VZ: As an author of the paper I'd like to confirm that it's indeed
intended to first do escaping and then do transcoding. That's why
the wording is that. I agree with Jonathan that it misses the
important bit that for non-escaped paths. I think the resolution
is mostly correct, except I think Tom commented in the email that
the second part of the resolution, which is new to me, is a little
bit incorrect. I think we want is to kind of invert the condition
there, but this does something completely different.
TH: I think what we want to say there is just "and the literal
encoding is not UTF-8". wchar_t encoding is still implementation
defined so there's still an implementation defined aspect there. I
don't think we need to add anything to the
implementation-definedness.
SD: What we're saying is that if you're fully in Unicode, there's
no implementation defined behavior, we're completely mandating the
behavior.
TH: Specifically, when the literal encoding is UTF-8.
SD: And this is an index entry that just links back, so it's just
trying to identify-- this is just an index entry, there isn't any
larger context. It's trying to describe it well enough so someone
looking at the implementation-defined behaviors can find it.
SD: I'll admit I haven't really thought about this a lot.
VZ: I agree with Tom, this is a mistake in the table of
implementation defined behavior. It should do what Tom says-- we
should replace, "not converting from wchar_t to UTF-8" with "when
the literal encoding is not UTF-8." And the first part, I think,
is correct.
SD: Okay. So in the text of the standard itself we want to
basically strike "escaped path" and replace it with that
"(possibly escaped) string"
VZ: That part is fine.
SD: But defining the implementation-defined behavior is not
correct.
VZ: They should just take the wording as it is and put it in the
index.
SD: All the wordings in that index are very short summaries of
what the implementation-defined category is.
JM: It just tries to give a headline. It shouldn't be wrong but
it's not necessarily complete. As long as we satisfy that, it's
good enough.
TH: Viktor, it sounds like you have a good handle on it. Want to
paste the recommendation in chat?
VZ: That's what I'm typing.
VZ (in chat): "the literal encoding is not UTF-8" instead of "not
converting from wchar_t to UTF-8"
SD: That probably covers any interesting case.
JM: It's not fully right because it's not implementation-defined
only if CharT is char and path::value_type is wchar_t.
presumably if CharT is char16_t, everything's also implementation
defined but I don't know whether that's a possibility.
JM: And it talks about literal encoding when it might want to talk
about ordinary literal encodings.
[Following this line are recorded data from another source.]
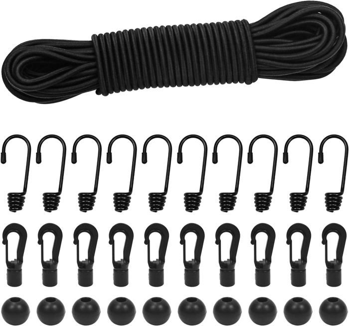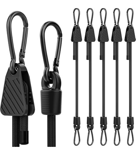 Rangement Extérieur élastique Akicderu Tendeur En Caoutchouc Avec Mousqueton, 60 Cm Avec Mousqueton, 4 Sangles De Serrage Avec Crochets, Tendeur De Bagages Solide, Tendeur En Caoutchouc Avec Crochets Pour Bagages, Camping Et Bien Tendeurs Elastique Avec Crochets Hejo Tendeur Élastique, 35×Noir Bungee Tendeur Boule(20CM) Corde Taille : 20 cmMatériau hautement durable:La corde centrale est fabriquée en latex naturel de grande pureté, qui possède d'excellentes propriétés... Comparé aux crochets en plastique traditionnels,il est plus durable,moins sujet au vieillissement,recyclable et présente des performances stables dans des conditions météorologiques extrêmes. Installation Design Expansion:Our outdoor carabiner elasticated rope est la solution parfaite pour les activités de plein air. Elle est également dotée d'un système d'étirement assemblé,qui permet d'adapter la corde à différentes distances,tailles d'application ou exigences d'assemblage particulières en entrelaçant plusieurs sangles élastiques afin d'allonger la longueur selon les besoins. Matériau hautement durable:La corde centrale est fabriquée en latex naturel de grande pureté, qui possède d'excellentes propriétés d'élasticité et d'antifatigue. Large Scénarios d'utilisation:Nos crochets de tente extérieurs crochets intérieurs peuvent être utilisés pour regrouper des tapis de yoga,fixer des rideaux,suspendre des articles ainsi que pour le stockage d'articles. À l'extérieur,ils peuvent servir à ranger l'équipement d'escalade,à fixer le coupe-vent de la tente,à renforcer l'auvent,à fixer l'auvent de la voiture,à bloquer la tension du filet à balles,à suspendre les objets à l'extérieur,à les regrouper et à les organiser,etc. Elle est facile à ranger et à transporter et prend peu de place dans les bagages,ce qui en fait un compagnon de idéal. Tendeurs Elastique avec Crochets,Sandow Elastique,Tendeur Plat,4 Pièces...
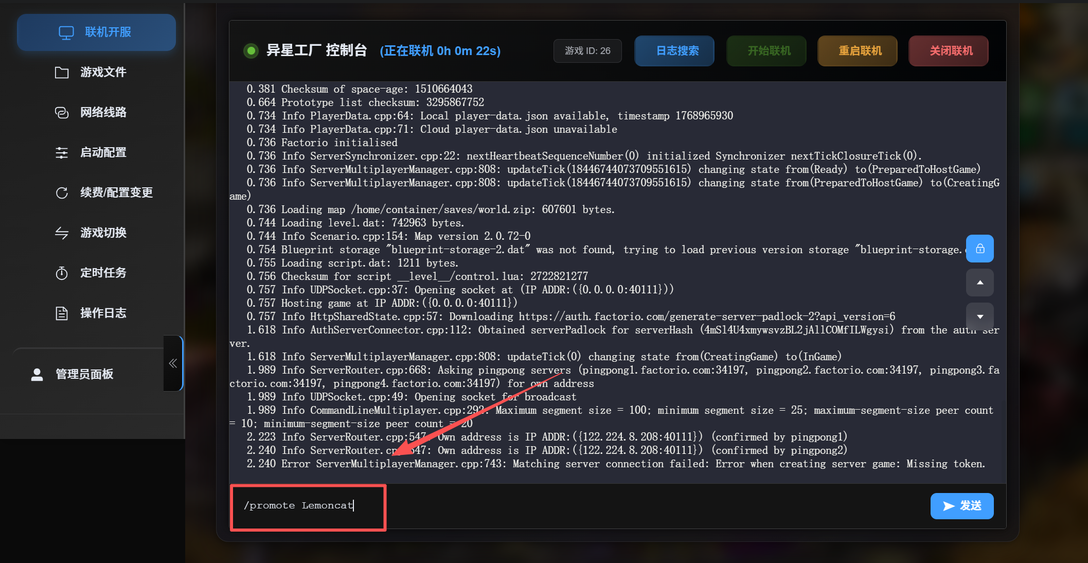 设置指定玩家为管理员指令:/promote 玩家名字
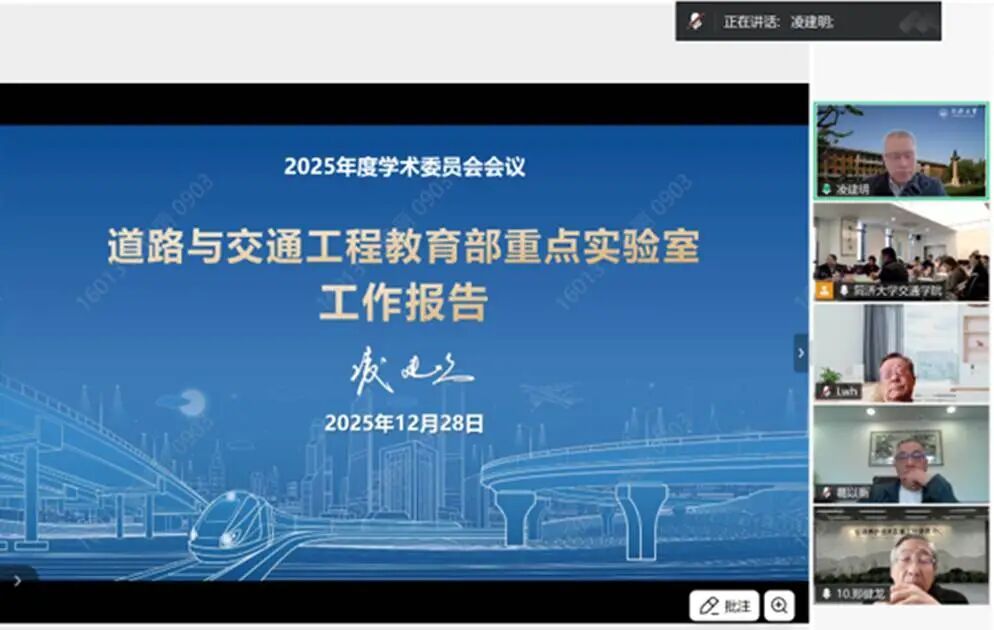 2025年12月28日,道路与交通工程教育部重点实验室以线上线下相结合的形式组织召开了重点实验室2025年度学术委员会会议。会议由学术委员会主任郑健龙院士主持,学术委员会委员梁文灏院士、翟婉明院士、汪双杰院士、唐伯明教授、蔡良才教授、葛以衡教授、张亮教授、凌建明教授、马万经教授等委员出席。同济大学科学技术研究院冯世进院长莅临会议并致辞。交通学院肖军华副院长、左建勇副院长、学院实验室相关人员共同参会。

Is it talking about the literal
encoding for wide strings or for char? But that question's not on
our plate.
JM: Because the wide literal encoding could be UTF-16 or
something, or UCS-2 or whatever.
JM: So I like Viktor's suggestion for the implementation defined
behavior index.
JM: We already have "literal encoding" in the normative text, so
if it's ambiguous there it should be the same ambiguity in the
implementation-defined index.
TH: Should it say "ordinary literal encoding?"
JM: Maybe but that's not the question of this issue.
SD: There are many places we've already made this mistake.
Cleaning it up should be a one-time thing where we go through and
clarify whether we actually mean ordinary or literal encoding. The
sense I'm getting is that we want to change
JM: All we're doing here is correctly quoting the normative text.
SD: So the resolution is we accept the resolution for clause 1,
and for the second part accept Viktor's recommendation.
JM: And what was the concern why this doesn't work? Because what
we have here is the text about the literal encoding thing, right?
Let me see Tom's email.
SD: This doesn't constrain what an implementation can define it to
be-- they could perfectly well convert to UTF-8 when the ordinary
literal encoding's not UTF-8 but it's up to implementations to
serve their users.
JM: Yes, okay, great. So, Tom, are you happy with not introducing
"ordinary" for the sake of quoting the text, or should we make
this a bigger issue?
TH: No, I'm fine with that, like Steve said, we can do a separate
cleanup issue or file an LWG issue.
JM: So the green text should be "and the literal encoding is not
UTF-8."
TH: Yes, that sounds good.
SD: Moving on to 4087.
VZ: std::exception is a few remaining standard types that isn't
formattable. I looked into it and found the problem that we don't
actually specify what encoding the string returned by what() is
in. We just say that it's something that can be converted to
wstring somehow. Which is very vague. So it's impossible to
implement a formatter properly because you don't know the encoding
to convert from or whether conversion is needed. I gave an example
with a path, but it's a more general problem-- path is one of the
most obvious and outrageous cases because, as part of the path,
you can get the filename. So the exception encoding has one
encoding and you get a filename in a possibly different encoding
and try to format it with the literal encoding and you get three
encodings in one message-- simply a mess. My proposed resolution
is incomplete-- it's just a first attempt to propose something to
start the discussion. I'm saying it should probably be compatible
with the ordinary literal encoding. That's what people normally
do, combine it with literal strings and output. I had an email
forwarded to SG16 which had 4 options which nicely summarize what
we can choose. I think Tom, separately suggested using the locale
encoding.
SD: I would expect this, barring any external constraints, to be
in the current execution encoding. Which isn't necessarily the
literal encoding. That is a common source of broken text, but that
is the state of the world. If I'm handed a char* and no other
information, it's the execution encoding.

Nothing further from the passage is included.